PumpkinPurple · 24/12/2024 12:41

Would your mum fall for a little white lie? such as you've checked and all the tickets are now sold out. Such a shame.

EmptyBowl · 24/12/2024 13:04

FriendlyNeighbourhoodAccountant · 24/12/2024 09:12

You're well into adulthood at this point, if I were you I'd be looking into why you're putting so much stock into the opinions of your mother and your friends.

"Sorry mum, we're actually away for the night straight after the dinner so won't be able to sort out your way home. We'll catch up another time."

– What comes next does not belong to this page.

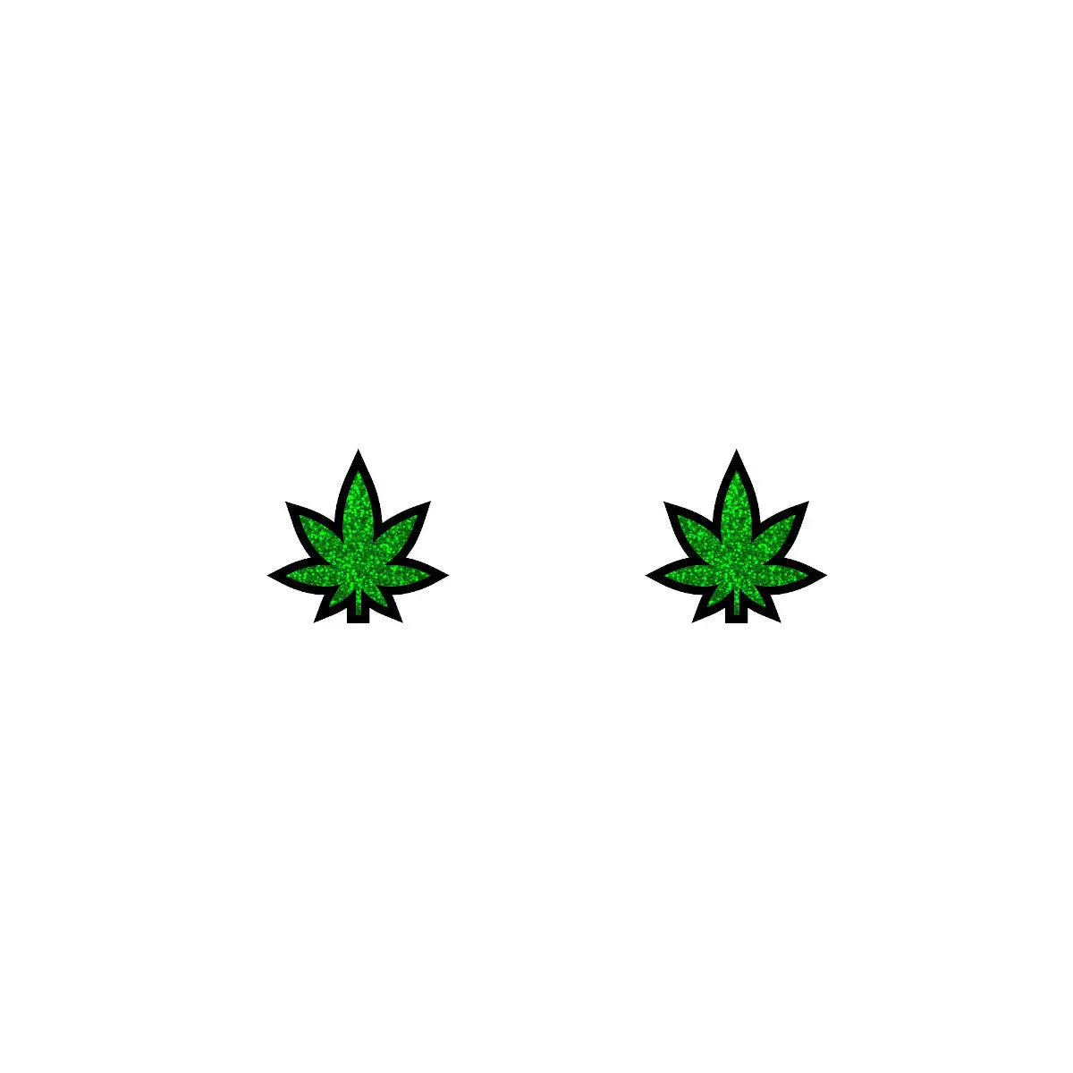 These green sparkly glitter marijuana leaf weed earrings by Wood Rocket are the perfect accessory. They are super fun and stylish! People can wear them or give them as a gift. Perfect for bachelorette parties, a night out, or some weird Christmas thing. Black nickel plated with sterling silver posts.

Invite, or don't invite, who you want.

Yes, this is what strikes me too. I can’t imagine be8ng swayed from my own plans by what someone else opined.

CoffeeLipstickKeys · 09/09/2025 21:14

Congratulations on your achievement @Frazzledmum77 it’s a big deal
take who you want to,it’s all about you
Go for a meal after graduation with your mum,way more contained in term managing any post drink comments.

ClaredeBear · 09/09/2025 21:40

Tell your mum you have plans with your husband and / or tell her you’re mistaken and it’s only one for dinner. Invite her to a later celebration.